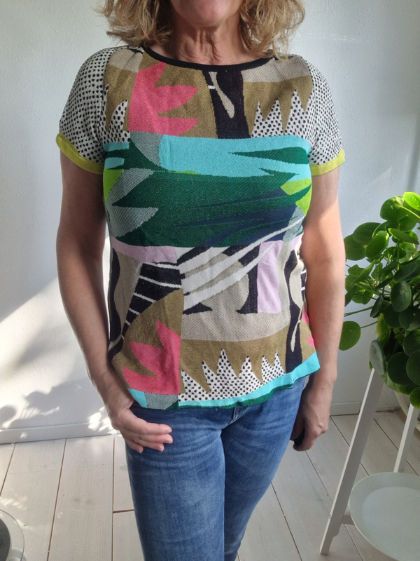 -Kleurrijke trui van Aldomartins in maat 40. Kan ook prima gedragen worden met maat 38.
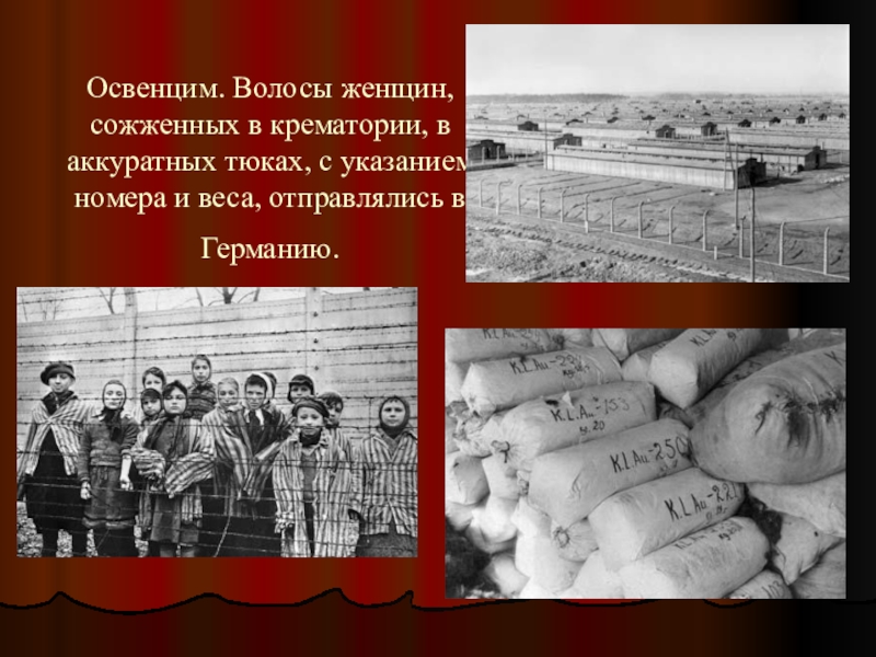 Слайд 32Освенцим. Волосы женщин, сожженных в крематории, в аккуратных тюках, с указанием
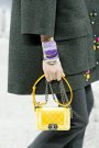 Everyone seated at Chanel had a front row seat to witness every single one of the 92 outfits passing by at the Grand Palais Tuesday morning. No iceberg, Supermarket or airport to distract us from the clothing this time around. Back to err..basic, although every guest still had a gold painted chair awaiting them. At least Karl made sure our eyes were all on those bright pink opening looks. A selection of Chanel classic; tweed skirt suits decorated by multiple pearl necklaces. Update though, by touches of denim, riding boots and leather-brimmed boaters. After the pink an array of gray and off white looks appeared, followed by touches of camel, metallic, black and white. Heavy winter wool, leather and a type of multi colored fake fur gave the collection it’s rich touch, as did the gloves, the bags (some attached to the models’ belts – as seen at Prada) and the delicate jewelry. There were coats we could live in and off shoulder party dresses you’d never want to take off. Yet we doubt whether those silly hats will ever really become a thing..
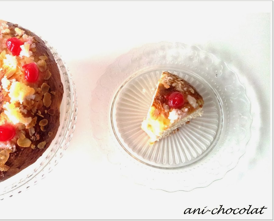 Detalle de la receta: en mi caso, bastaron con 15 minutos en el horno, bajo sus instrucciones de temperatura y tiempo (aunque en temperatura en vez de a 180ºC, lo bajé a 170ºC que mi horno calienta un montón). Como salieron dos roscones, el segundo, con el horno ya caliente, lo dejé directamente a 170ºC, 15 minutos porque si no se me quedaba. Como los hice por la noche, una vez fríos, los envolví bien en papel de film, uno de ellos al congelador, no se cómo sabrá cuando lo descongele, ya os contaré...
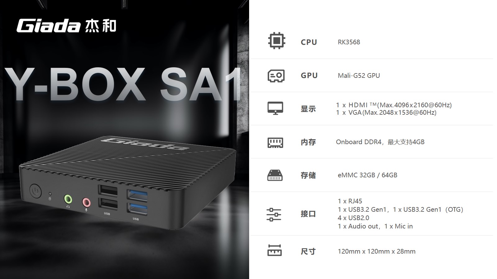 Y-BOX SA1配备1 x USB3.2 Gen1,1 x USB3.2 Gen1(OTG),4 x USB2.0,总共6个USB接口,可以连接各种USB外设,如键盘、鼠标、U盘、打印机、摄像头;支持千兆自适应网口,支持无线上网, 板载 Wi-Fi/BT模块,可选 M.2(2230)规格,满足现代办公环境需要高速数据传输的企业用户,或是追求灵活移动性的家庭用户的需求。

# Description of the task
Repeat the material above exactly; pictures do not belong in the copy.

# Solution to the problem
 -Kleurrijke trui van Aldomartins in maat 40. Kan ook prima gedragen worden met maat 38.
 Слайд 32Освенцим. Волосы женщин, сожженных в крематории, в аккуратных тюках, с указанием
 Everyone seated at Chanel had a front row seat to witness every single one of the 92 outfits passing by at the Grand Palais Tuesday morning. No iceberg, Supermarket or airport to distract us from the clothing this time around. Back to err..basic, although every guest still had a gold painted chair awaiting them. At least Karl made sure our eyes were all on those bright pink opening looks. A selection of Chanel classic; tweed skirt suits decorated by multiple pearl necklaces. Update though, by touches of denim, riding boots and leather-brimmed boaters. After the pink an array of gray and off white looks appeared, followed by touches of camel, metallic, black and white. Heavy winter wool, leather and a type of multi colored fake fur gave the collection it’s rich touch, as did the gloves, the bags (some attached to the models’ belts – as seen at Prada) and the delicate jewelry. There were coats we could live in and off shoulder party dresses you’d never want to take off. Yet we doubt whether those silly hats will ever really become a thing..
 Detalle de la receta: en mi caso, bastaron con 15 minutos en el horno, bajo sus instrucciones de temperatura y tiempo (aunque en temperatura en vez de a 180ºC, lo bajé a 170ºC que mi horno calienta un montón). Como salieron dos roscones, el segundo, con el horno ya caliente, lo dejé directamente a 170ºC, 15 minutos porque si no se me quedaba. Como los hice por la noche, una vez fríos, los envolví bien en papel de film, uno de ellos al congelador, no se cómo sabrá cuando lo descongele, ya os contaré...
 Y-BOX SA1配备1 x USB3.2 Gen1,1 x USB3.2 Gen1(OTG),4 x USB2.0,总共6个USB接口,可以连接各种USB外设,如键盘、鼠标、U盘、打印机、摄像头;支持千兆自适应网口,支持无线上网, 板载 Wi-Fi/BT模块,可选 M.2(2230)规格,满足现代办公环境需要高速数据传输的企业用户,或是追求灵活移动性的家庭用户的需求。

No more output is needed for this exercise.